めまい経験者のめまい専門医・新井基洋先生に聞く Vol.1 高齢者に多い、フレイルを合併しためまいとの付き合い方
日本人の約2割が、めまいの症状を抱えているといわれます1)。しかし、「めまい」と、ひとくちに言っても、ふわふわした浮遊感を覚えることもあれば、グルグルと目が回るような感覚があったり、少し休めば治るものから、立っていられなくなったりするようなものまで、症状も強さもさまざまです。めまいの治療に長年携わっている、横浜市立みなと赤十字病院 めまい・平衡神経科部長の新井基洋先生は、めまいで悩む人が昨今増加していると語ります。
Vol.1では新井先生に、主に高齢者に多い、フレイル(虚弱)を合併しためまいを和らげる方法や、漢方薬の上手な使い方について伺いました。
65歳以上の3割超に「めまいの症状あり」
――そもそも「めまい」とは、どのような症状が起こることをいうのでしょうか。
新井:主なめまい症状の分類として、回転性めまい、浮動性めまいがありますが、バラニー学会(Barany Society)という世界的なめまいの学会が近年、体が安定しない状態を意味する不安定めまいを3つ目に分類しました。それぞれ具体的な症状を説明します。

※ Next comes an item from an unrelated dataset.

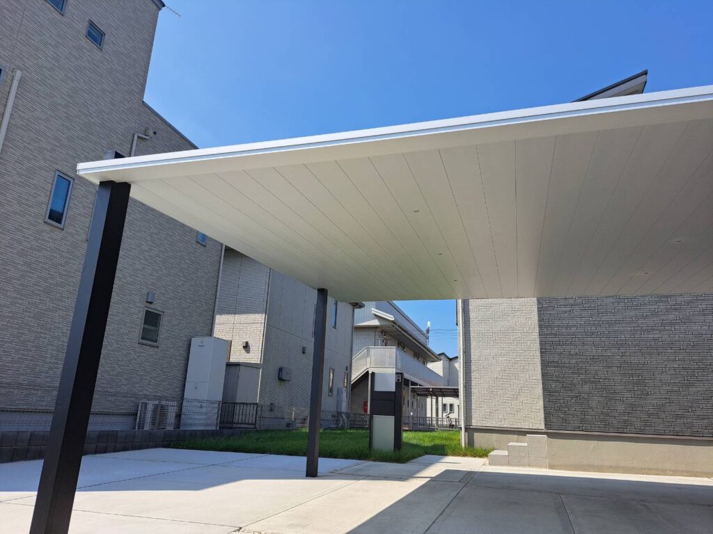 屋根材は、アルミの質感を生かしたマットシルバーで落ち着いた印象に。

回転性めまいは、遊園地のコーヒーカップに乗ったときのような、ぐるぐる回る感覚が続きます。忙しい状況を「目が回るような忙しさだ!」と例える慣用句がありますが、まさに忙しい日々が続くと、この回転性めまいが起こることがあります。浮動性めまいは、ふわふわとした感覚に襲われることが多いです。3つ目の、体のバランスが不安定になることによるめまいは、加齢などの影響による、耳の三半規管の隣にある耳石器(じせきき)というバランス感覚をつかさどる器官を中心とする平衡感覚の衰え、さらに視覚、筋力低下や骨、関節、神経の全身の変化で生じる体のふらつきによるものです。当院にも、「立ったり歩いたりすると、ふらついてゆれて大変」という人が大勢いらっしゃいます。近年、これらを指すものとして「加齢性めまい」2)と「高齢者の平衡障害」という概念が提唱されています。
――厚生労働省が行った「令和元(2019)年 国民生活基礎調査」でも、65歳以上の31.3%が、めまいの症状を訴えています1)。そして先生がおっしゃったように、男女比についても、めまいの症状があるとする65歳以上の男性が22.7%なのに対し、女性は38.4%と、1.7倍近い差があります。

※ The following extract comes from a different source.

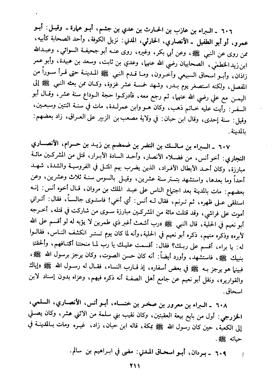 606 - البراء بن عازب بن الحارث بن عدي بن جشم أبو عمارة وقيل أبو عمرو أو أبو الطفيل الأنصاري الحارثي المدني نزيل الكوفة وأحد الصحابة كأبيه ممن روى عن النبي صلى الله عليه وسلم وعن أبي بكر وغيره روى عنه أبو جحيفة السوائي وعبد الله ابن زيد الخطمي الصحابيان رضي الله عنهما وعدي بن ثابت وسعد بن عبيدة وأبو عمر زاذان وأبو إسحاق السبيعي وآخرون وما قدم النبي صلى الله عليه وسلم المدينة حتى قرأ سورا من المفصل ولكنه استصغر يوم بدر وشهد خمسة عشر غزوة وكان ممن بعثه النبي صلى الله عليه وسلم إلى اليمن مع علي رضي الله عنهما ثم رجع معه فأدركوا حجة الوداع سنة عشر وقال أبو السفر رأيت عليه خاتم ذهب وكان هو وابن عمر لدة مات في سنة اثنتين وسبعين وقيل سنة إحدى وقال ابن حبان في ولاية مصعب بن الزبير على العراق زاد بعضهم بالمدينة.

新井:当院のめまい・平衡神経科に通院されている患者さんの平均年齢も65歳です。年々少しずつ上がっていて、今は80歳代、90歳代の患者さんも珍しくありません。もちろん若い人もいらっしゃいますが、多いのは65歳以上で、やはり女性のほうが多いです。当院では、女性の患者さんが男性の約2.5倍いらっしゃいます。
――圧倒的に女性のほうが多いですね。そこにはどんな原因があると、先生はお考えですか。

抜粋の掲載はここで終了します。